I fire up my gas powered auger and drill holes faster than a pocket gopher. I then get out my portable sonar locator and check the depth to try to catch my GPS lying to me. It never has.

If you look closely at my unit’s screen you see a black line at the top of the column. That’s the bottom of the ice, about two feet thick. Then there is a super thick band just shy of the ten foot mark.  That’s the bottom of the lake. Below that is just a false echo line.

That skinny, single black line just above the thick one is my lure and bait.  The trick is to get a double thick mark to show up out of nowhere and merge with that single mark.

What does that mean? Two golden walleye fillets, lightly breaded in a bubbling bath of 475 degree peanut oil!

Now does it work? Well, you judge.

If you’ve seen a more obese yellow perch than that, I guess I would have to eat it.

As it turned out, the two lines merged often enough that we caught a limit of walleye for all three of us. With several mongo perch, to boot, that would have made the record books if they hadn’t tested positive for steroid use.

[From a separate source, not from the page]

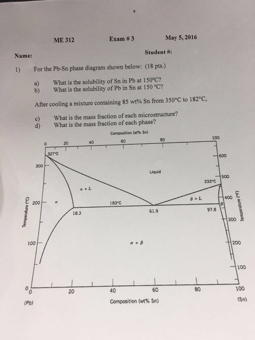 Phase Diagrams • Indicate phases as function of T, Co, and P. • For this course:-binary systems: just 2 components.-independent variables: T and Co (P = 1 atm is almost always used). • Phase Diagram for Cu-Ni system Adapted from Fig. 9.3(a), Callister 7e. (Fig. 9.3(a) is adapted from Phase Diagrams of Binary Nickel Alloys , P. Nash Figure 1 shows the Pb-Sn phase diagram and the composition for present experiments, in which it is very clear that the eutectic temperature is 183 • C, and the liquid-solid transition temperature... Watch this video lecture (Lecture 10) in Material Science at Mech Online Lectures to know about Lead Tin ( Pb-Sn ) Phase Diagram. Simple explanation of Eutec... The Attempt at a Solution. It is probably an easy question, but I thought it is a good idea to consult first. a) At 183 C, the first liquid phase forms. b) We can draw a tie line and the point intersects with the liquidus line, gives us the composition of liquid. It is 61.9 wt % Sn. c) It is around 250 C. Because phase diagram is on liquidus line.

Three happy soldiers folded up camp and turned the trucks south after another successful campaign on Red Lake. There’s a month left to go on the walleye season, and if I can locate a corn-cob pipe, I Shall Return!… again.


P.S. I know many of you have been wondering on the price tag for all this. Some of you may even be male. Fishing legend, Koos Brant, captured my fears best.

My biggest worry is that my wife (when I’m dead) will sell my fishing gear for what I said I paid for it.